简体   繁体   English

CloudFormation AutoScalingGroup不等待更新/扩展时的信号

[英]CloudFormation AutoScalingGroup not waiting for signal on update/scale-up

I'm working with a CloudFormation template that brings up as many instances as I request, and want to wait for them to finish initialising (via User Data) before the stack creation/update is considered complete. 我正在使用CloudFormation模板,该模板会根据我的请求调出尽可能多的实例,并希望等到它们完成初始化(通过用户数据),然后才能认为堆栈创建/更新已完成。

The Expectation 期望

Creating or updating the stack should wait for signals from all newly created instances, such to ensure that their initialisation is complete. 创建或更新堆栈应等待来自所有新创建的实例的信号,以确保其初始化完成。

I don't want the stack creation or update to be considered successful if any of the created instances fail to initialise. 如果任何创建的实例无法初始化,我不希望将堆栈创建或更新视为成功。

The Reality 现实

CloudFormation only seems to wait for signals from instances when the stack is first created.
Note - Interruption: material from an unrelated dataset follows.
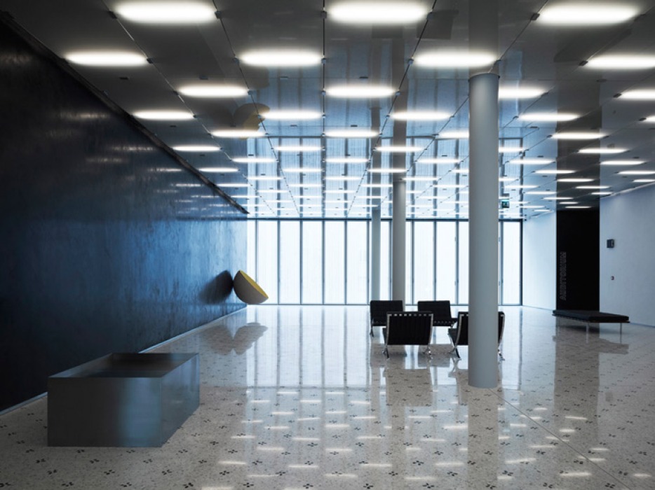Im hellen Foyer des großen Vortragssaals kann man sich auf den Miesschen Barcelona Chairs entspannen oder, seitlich auf gemustertem Terrazzoboden positioniert, ...

CloudFormation似乎只在等待首次创建堆栈时的实例信号。 Updating the stack and increasing the number of instances seems to disregard signalling. 更新堆栈并增加实例数似乎忽略了信令。 The update operation finishes successfully very quickly, whilst instances are still being initialised. 更新操作非常快速地成功完成,而实例仍在初始化。
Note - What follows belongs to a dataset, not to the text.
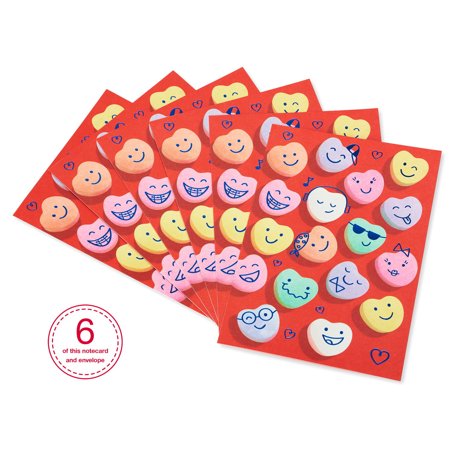 Share a little sweetness this valentines day with an american greetings card this card features brightly colored conversation heart candies with whimsical faces accessories and hearts drawn on them wi…

Instances created as a result of updating the stack can fail to initialise, but the update action would've already been considered a success. 由于更新堆栈而创建的实例可能无法初始化,但更新操作已经被认为是成功的。

The Question 问题

Using CloudFormation, how can I make the reality meet the expectation? 使用CloudFormation,我如何才能使现实符合预期?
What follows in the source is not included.